Like its predecessor, the game received generally positive reviews from critics ("generally favorable reviews" according to video game review aggregator website Metacritic). Still, the visual style, reminiscent of Kazuto Nakazawa was praised, as well as the multiplayer and improvements. However, some had little praise for its single-player offerings and noted shallow gameplay. Official Nintendo Magazine praised the pick-up and play feel of the game, giving the game a 91%. Hypers Rico Shavez commended the game for its "great net code" and being "immediately fun". However, he criticised it for its "lack of options, being shallow and its lightweight single player".

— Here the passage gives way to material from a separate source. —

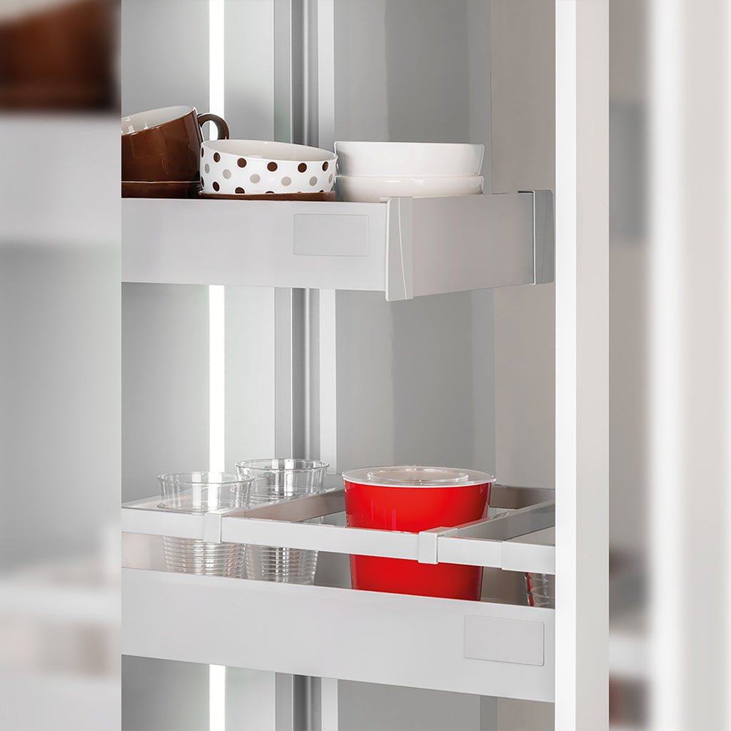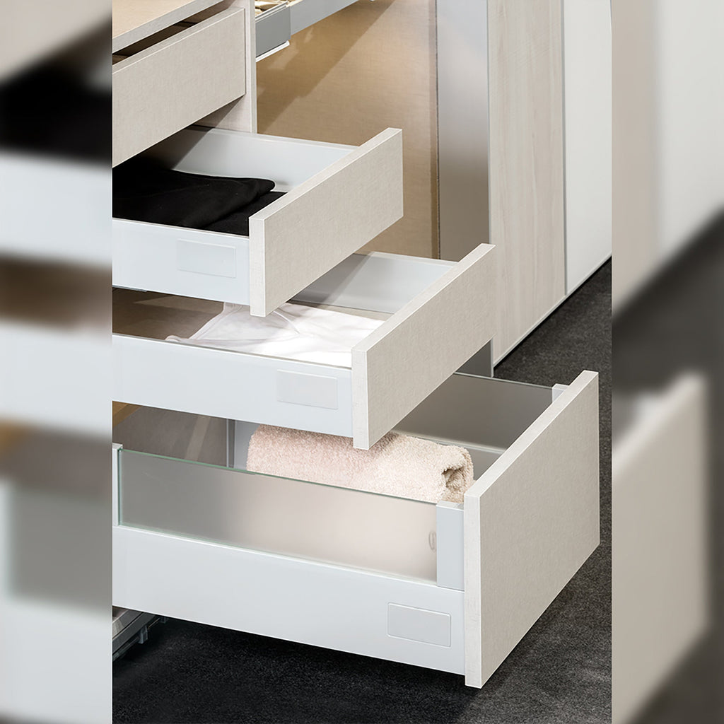 Die Vantage Q Küchen- und Badschublade ist im Bausatzformat mit allem notwendigen Zubehör für die Montage erhältlich. Sie sind auch für ihre große Tragfähigkeit bekannt, die bis zu 35 kg pro Schublade tragen kann. Beinhaltet Kufen mit Vollauszug und Softclosing , Hakensatz, Stangensatz (H141 und H204) und Seitenteile in weiß oder aluminiumlackierter Ausführung erhältlich. Lediglich für den Boden, die Rückwand und die Schubladenfront benötigen Sie die auf die richtige Größe zugeschnittenen Bretter.

As of March 31, 2008, 1.77 million copies of the game have been sold worldwide, with 240,000 being sold in Japan. It received a "Gold" sales award from the ELSPA, indicating sales of at least 200,000 copies in the United Kingdom. By the end of 2019, the game sold 2.6 million units worldwide by CESA

Aggregate scores
| Aggregator | Score |
|---|---|
| GameRankings | 79.43% |
| Metacritic | 79/100 |

Review scores
| Publication | Score |
|---|---|
| Edge | 6/10 |
| Electronic Gaming Monthly | 7.5/10 |
| Eurogamer | 8/10 |
| Game Informer | 7.25/10 |
| GamePro | 5/5 |
| GameRevolution | C+ |
| GameSpot | 7.5/10 |
| GameSpy | 4/5 |
| GameTrailers | 7.4/10 |
| IGN | (UK) 8.7/10 (US) 8.3/10 |
| Nintendo Life | 8/10 |
| Nintendo Power | 8.5/10 |
| Nintendo World Report | 8.5/10 |

===Legacy===
In 2026, Mario Strikers Charged was ranked at the top of IGNs "10 Best Mario Sports Games" list.